* Task description:
Would you output all the lines below precisely as they stand, leaving each picture out?

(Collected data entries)
####################

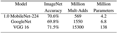 表3 MobileNet与GoogleNet和VGG16性能对比
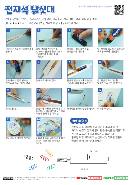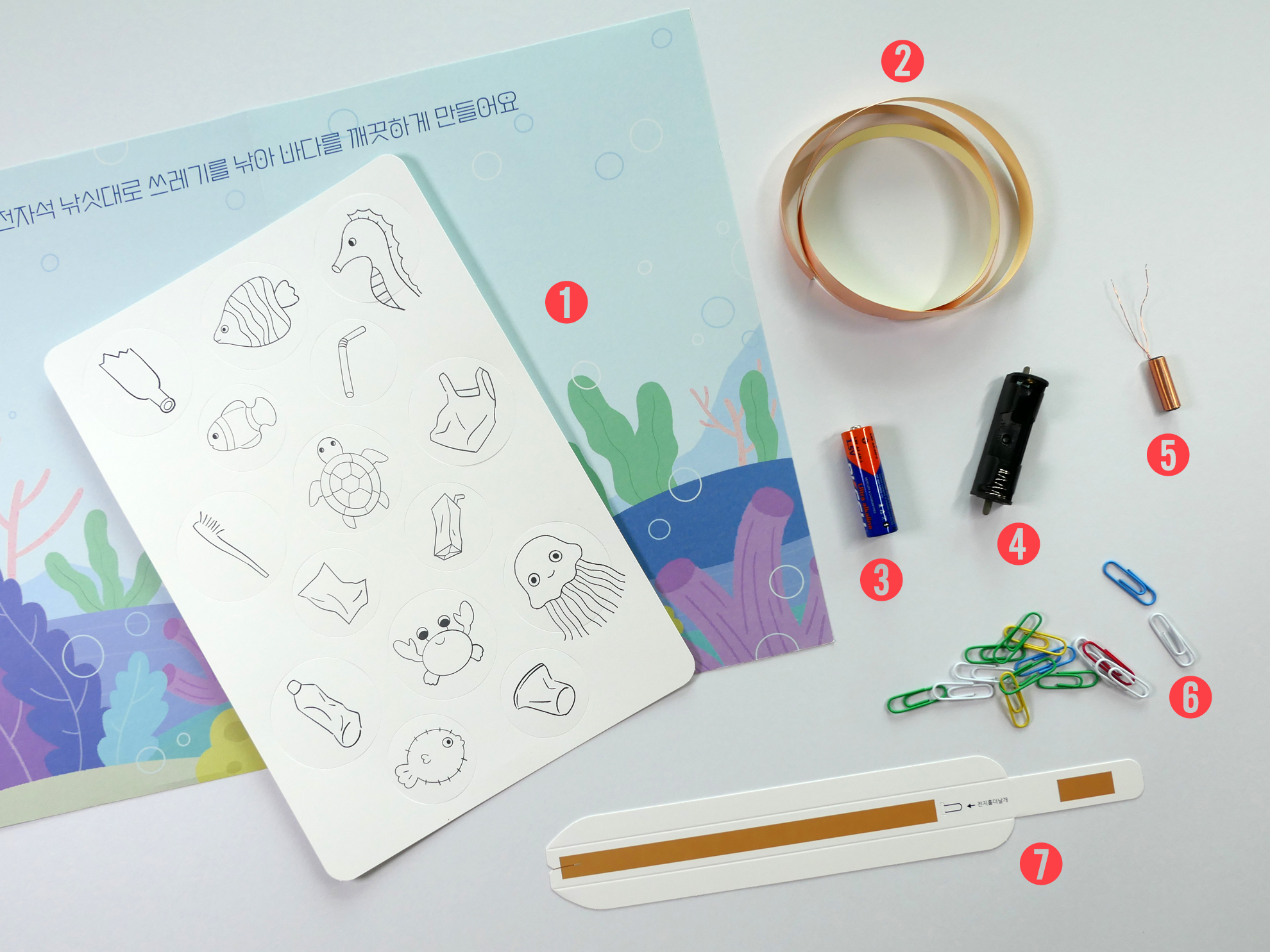 ① 바다배경 종이와 딱지 ②구리 테이프 ③전지 ④전지 홀더 ⑤코일 막대 ⑥클립 ⑦낚싯대 전개도
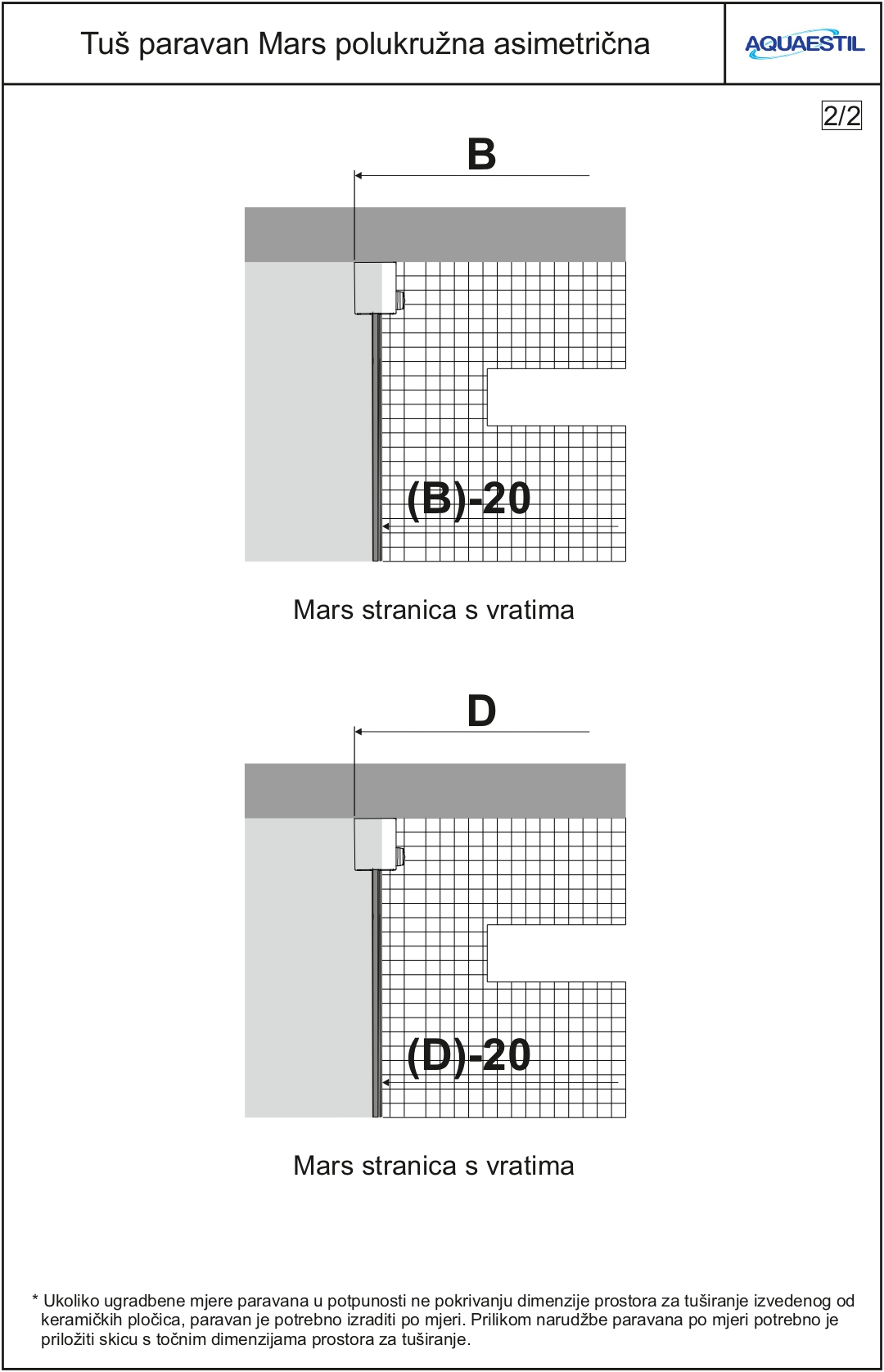 Bei der Bestellung einer Duschwand zur Installation auf Keramikfliesen ist es erforderlich, eine einfache Skizze mit genauen Maßen des Duschbereichs vorzulegen.
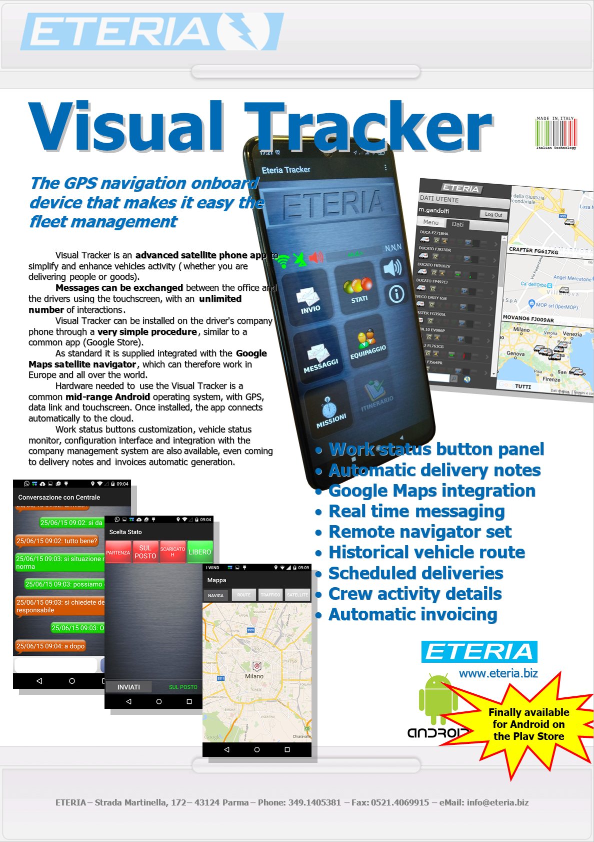 Visual Tracker is a powerful mobile on-board terminal, equipped with a professional satellite navigator and other relevant functions as real time tracking, automatic delivery notes and billing generation, and communication with the remote main office: messages, statuses, destinations, itineraries etc. Also available as an Android app, ideal for fleet management.
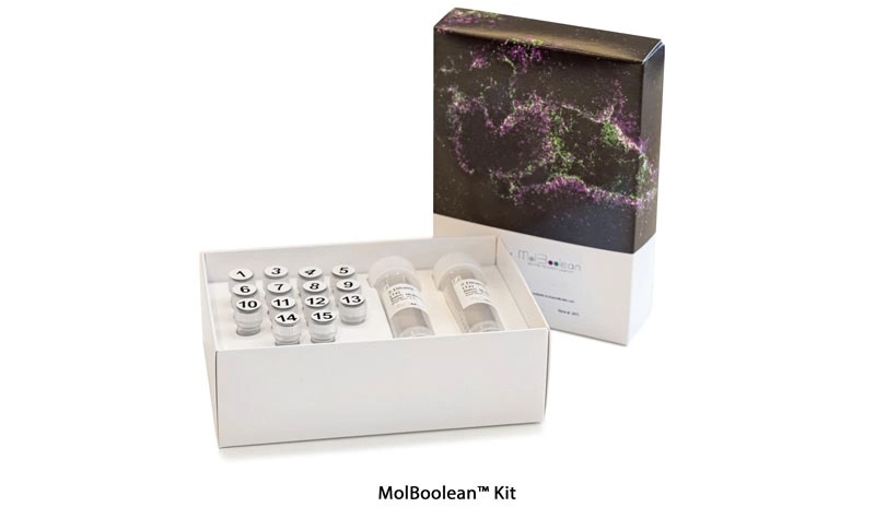 MolBoolean(TM) Mouse/Rabbit is a kit for in situ protein proximity analysis in tissue and cells. The MolBoolean assay utilizes a proprietary oligonucleotide setup that enables the simultaneous detection of both free and interacting (~40 nm proximity) fractions for two proteins of interest (protein A, protein B and interaction proteins AB). MolBoolean(TM) Mouse/Rabbit should be performed with the users primary antibodies of choice (raised in mouse and rabbit). MolBoolean relies on anti-mouse and anti-rabbit secondary proximity probes and rolling circle amplification (RCA) as a mean to amplify signal. A series of molecular steps, performed in the MolBoolean assay, incorporates information into the amplified products indicating antibody target engagement of individual versus interacting proteins. This information is converted to fluorescent signals by the binding of detection reporters, allowing visualization on a conventional fluorescent microscope. An image analysis software is provided to segment and differentiate fluorescent signals, enabling the relative quantification of free versus interacting fractions for the two analyzed protein targets in the sample. If you require customization for other target species, please reach out to us and we will accommodate your specific needs upon request.

####################

* Expected output:
 表3 MobileNet与GoogleNet和VGG16性能对比
 ① 바다배경 종이와 딱지 ②구리 테이프 ③전지 ④전지 홀더 ⑤코일 막대 ⑥클립 ⑦낚싯대 전개도
 Bei der Bestellung einer Duschwand zur Installation auf Keramikfliesen ist es erforderlich, eine einfache Skizze mit genauen Maßen des Duschbereichs vorzulegen.
 Visual Tracker is a powerful mobile on-board terminal, equipped with a professional satellite navigator and other relevant functions as real time tracking, automatic delivery notes and billing generation, and communication with the remote main office: messages, statuses, destinations, itineraries etc. Also available as an Android app, ideal for fleet management.
 MolBoolean(TM) Mouse/Rabbit is a kit for in situ protein proximity analysis in tissue and cells. The MolBoolean assay utilizes a proprietary oligonucleotide setup that enables the simultaneous detection of both free and interacting (~40 nm proximity) fractions for two proteins of interest (protein A, protein B and interaction proteins AB). MolBoolean(TM) Mouse/Rabbit should be performed with the users primary antibodies of choice (raised in mouse and rabbit). MolBoolean relies on anti-mouse and anti-rabbit secondary proximity probes and rolling circle amplification (RCA) as a mean to amplify signal. A series of molecular steps, performed in the MolBoolean assay, incorporates information into the amplified products indicating antibody target engagement of individual versus interacting proteins. This information is converted to fluorescent signals by the binding of detection reporters, allowing visualization on a conventional fluorescent microscope. An image analysis software is provided to segment and differentiate fluorescent signals, enabling the relative quantification of free versus interacting fractions for the two analyzed protein targets in the sample. If you require customization for other target species, please reach out to us and we will accommodate your specific needs upon request.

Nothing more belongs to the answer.